GIVEN DATA:
+++++
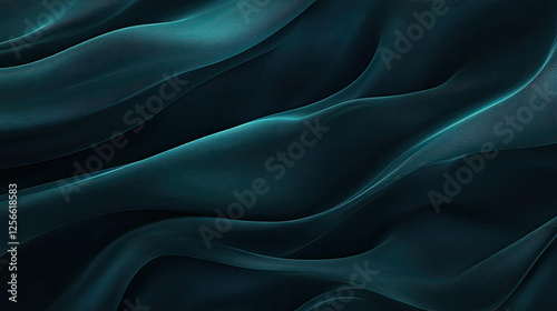 © Mahmud, Obraz premium Abstract Teal Fabric Waves Flowing Smoothly Dark Background Texture
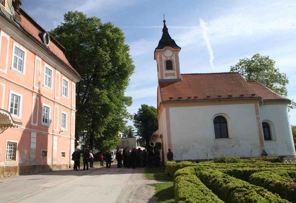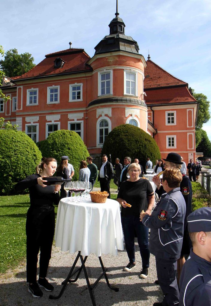 Po maši so družabno srečanje nadaljevali v parku graščine Šenek.
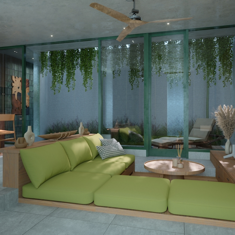 Crafted with exquisite attention to detail, the villa combines warm textures, natural materials, and a sleek contemporary aesthetic. Expansive glass doors open to the pool and terrace, allowing natural light and gentle breezes to fill the space—perfect for relaxed tropical living.
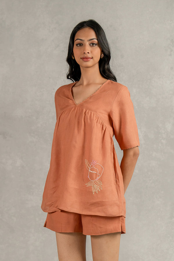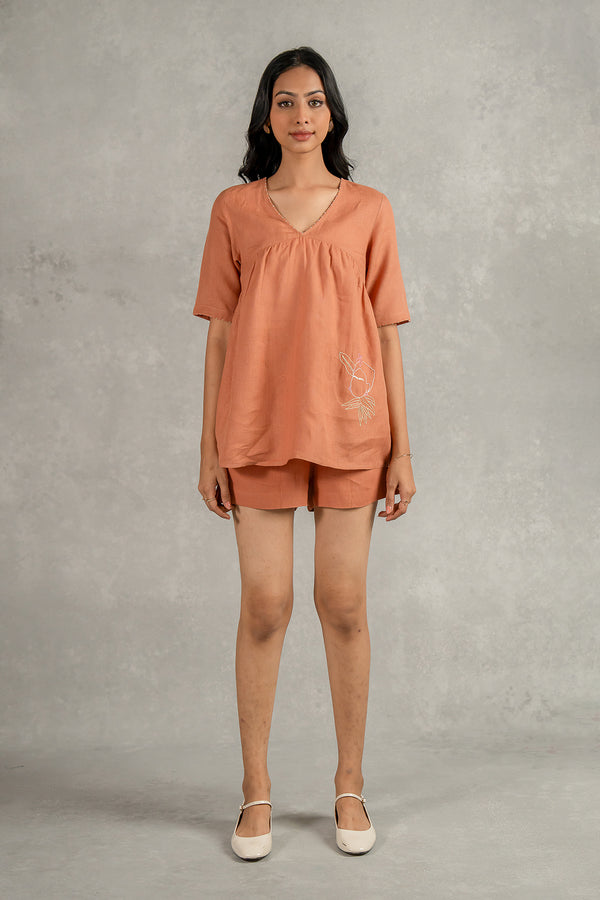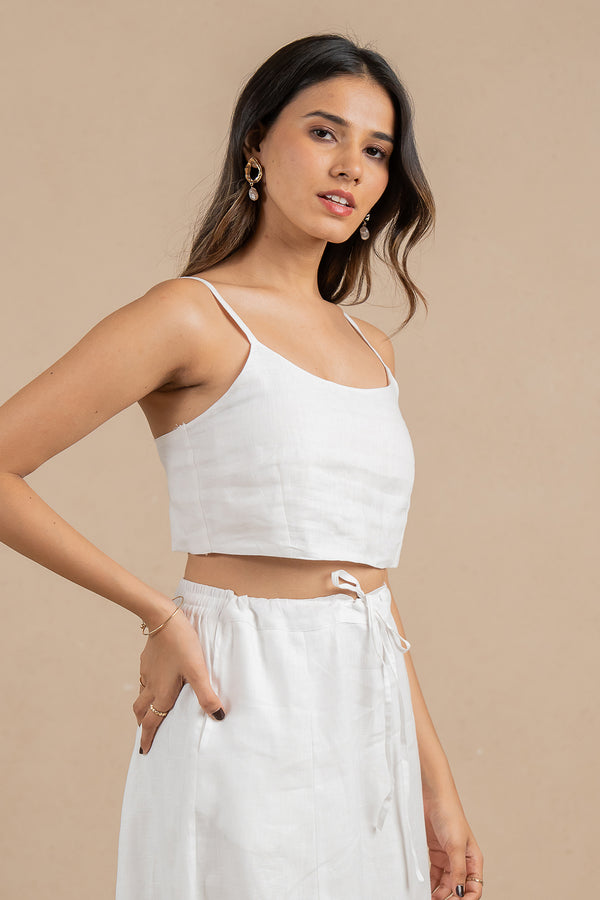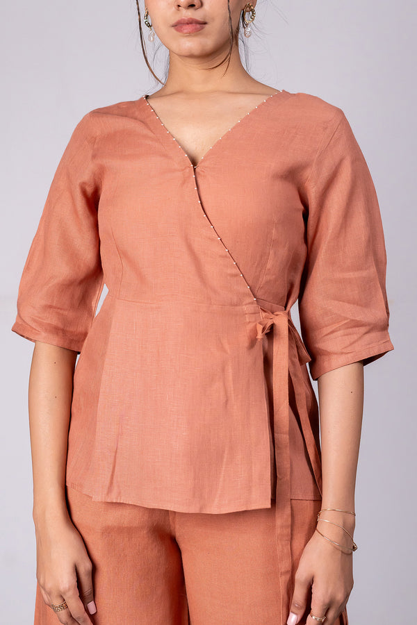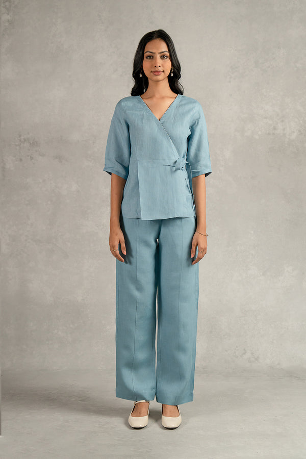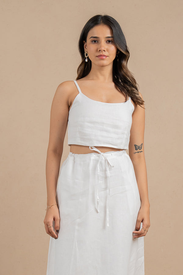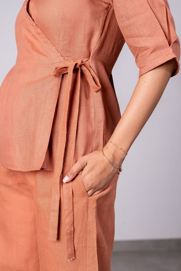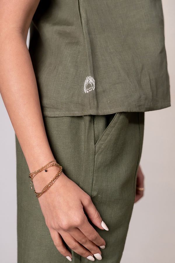Day 17 - Linen Front Tie-neck Top With Pocket - Ecru
+++++
DIRECTIONS: Your task is to set down each line above verbatim while excluding the pictures.

RESULT:
 © Mahmud, Obraz premium Abstract Teal Fabric Waves Flowing Smoothly Dark Background Texture
 Po maši so družabno srečanje nadaljevali v parku graščine Šenek.
 Crafted with exquisite attention to detail, the villa combines warm textures, natural materials, and a sleek contemporary aesthetic. Expansive glass doors open to the pool and terrace, allowing natural light and gentle breezes to fill the space—perfect for relaxed tropical living.
Day 17 - Linen Front Tie-neck Top With Pocket - Ecru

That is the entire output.